Miles Davis’ 1956 Prestige sessions are 70 years old, which feels mildly absurd considering how alive this music still sounds. Craft Recordings is marking the anniversary with Miles ’56: The Prestige Recordings, a new 4-LP box set that gathers the material behind Cookin’, Relaxin’, Workin’, and Steamin’, along with an earlier session from the same year featuring Sonny Rollins and Tommy Flanagan.
This is not unexplored territory. These recordings have been reissued on vinyl, CD, SACD, and digital more times than most jazz catalogs can claim. Nobody needs to be convinced that the music matters. The question for collectors is more practical: does this version bring something meaningful to a shelf already crowded with Miles Davis reissues?

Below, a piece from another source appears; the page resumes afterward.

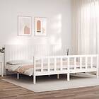 vidaXL Sängynrunko med huvudgavel vit 200x200 cm massivt trä 3192967

Craft is certainly treating it like a major archival release. The audio was transferred from the original analog tapes, restored by Plangent Processes, remastered by Paul Blakemore, and cut for vinyl by Kevin Gray at Cohearent Audio. The 180-gram 4-LP edition is joined by 3-CD and hi-res digital versions, while both physical formats include a new essay by Ashley Kahn and track notes by the late Dan Morgenstern.
Craft’s previous Miles ’55 box set created a high bar for both presentation and sound. Miles ’56 has a tougher assignment. These are arguably the most familiar recordings in the Davis catalog outside of Kind of Blue, and there are already excellent versions of much of this material in circulation.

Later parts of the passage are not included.